*What is expected*. What is needed is every line from the one holding "MONDIAZ VICA Badkamermeubelset" to the last line of the data below, printed exactly and without pictures.

*Information given*.
● ● ●
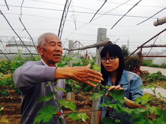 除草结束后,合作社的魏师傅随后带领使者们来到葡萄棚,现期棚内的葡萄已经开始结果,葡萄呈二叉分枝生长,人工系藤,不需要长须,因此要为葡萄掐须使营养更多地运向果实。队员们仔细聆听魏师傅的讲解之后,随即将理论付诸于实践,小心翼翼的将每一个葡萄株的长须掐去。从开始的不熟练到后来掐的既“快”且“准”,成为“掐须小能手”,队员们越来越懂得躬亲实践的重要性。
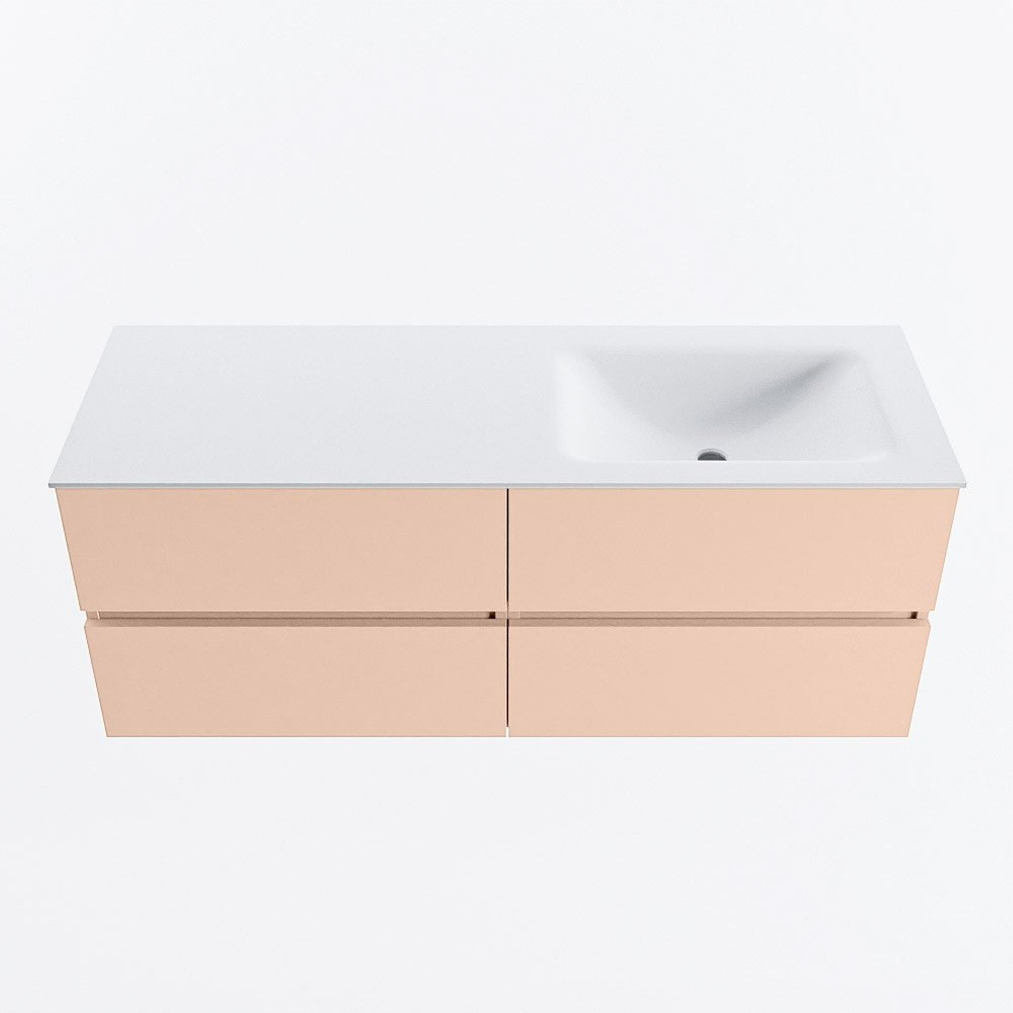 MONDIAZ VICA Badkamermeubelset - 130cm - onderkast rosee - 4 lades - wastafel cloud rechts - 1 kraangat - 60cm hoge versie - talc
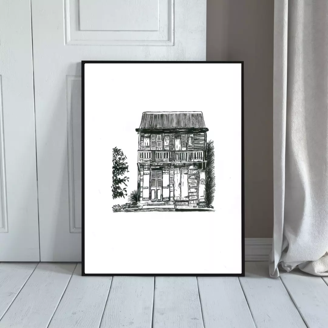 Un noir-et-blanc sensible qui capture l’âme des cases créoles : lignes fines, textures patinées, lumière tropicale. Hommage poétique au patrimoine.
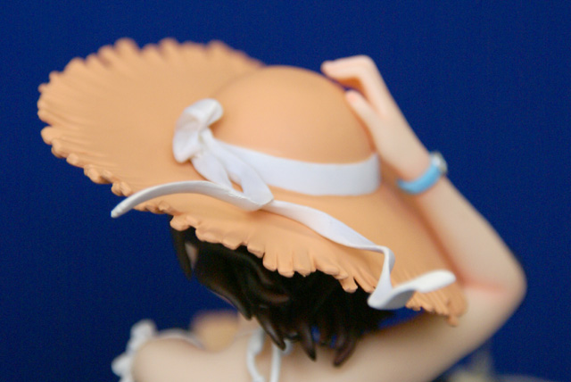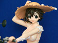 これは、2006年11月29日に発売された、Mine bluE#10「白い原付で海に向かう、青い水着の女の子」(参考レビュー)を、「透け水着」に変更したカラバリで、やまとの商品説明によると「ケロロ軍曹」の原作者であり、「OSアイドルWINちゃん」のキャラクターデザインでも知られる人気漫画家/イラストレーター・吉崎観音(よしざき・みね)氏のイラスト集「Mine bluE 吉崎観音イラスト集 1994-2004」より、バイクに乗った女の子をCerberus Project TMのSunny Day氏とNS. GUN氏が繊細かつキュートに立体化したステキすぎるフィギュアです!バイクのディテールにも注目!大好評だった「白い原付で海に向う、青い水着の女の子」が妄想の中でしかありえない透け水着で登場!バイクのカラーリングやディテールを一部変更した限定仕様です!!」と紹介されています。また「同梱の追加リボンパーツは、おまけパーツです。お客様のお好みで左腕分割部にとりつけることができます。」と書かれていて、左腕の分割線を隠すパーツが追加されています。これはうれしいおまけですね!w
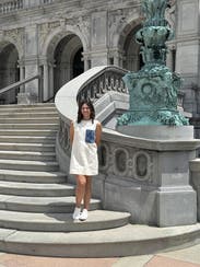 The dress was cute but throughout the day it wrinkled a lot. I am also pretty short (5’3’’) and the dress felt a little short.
● ● ●
*Expected answer*.
 MONDIAZ VICA Badkamermeubelset - 130cm - onderkast rosee - 4 lades - wastafel cloud rechts - 1 kraangat - 60cm hoge versie - talc
 Un noir-et-blanc sensible qui capture l’âme des cases créoles : lignes fines, textures patinées, lumière tropicale. Hommage poétique au patrimoine.
 これは、2006年11月29日に発売された、Mine bluE#10「白い原付で海に向かう、青い水着の女の子」(参考レビュー)を、「透け水着」に変更したカラバリで、やまとの商品説明によると「ケロロ軍曹」の原作者であり、「OSアイドルWINちゃん」のキャラクターデザインでも知られる人気漫画家/イラストレーター・吉崎観音(よしざき・みね)氏のイラスト集「Mine bluE 吉崎観音イラスト集 1994-2004」より、バイクに乗った女の子をCerberus Project TMのSunny Day氏とNS. GUN氏が繊細かつキュートに立体化したステキすぎるフィギュアです!バイクのディテールにも注目!大好評だった「白い原付で海に向う、青い水着の女の子」が妄想の中でしかありえない透け水着で登場!バイクのカラーリングやディテールを一部変更した限定仕様です!!」と紹介されています。また「同梱の追加リボンパーツは、おまけパーツです。お客様のお好みで左腕分割部にとりつけることができます。」と書かれていて、左腕の分割線を隠すパーツが追加されています。これはうれしいおまけですね!w
 The dress was cute but throughout the day it wrinkled a lot. I am also pretty short (5’3’’) and the dress felt a little short.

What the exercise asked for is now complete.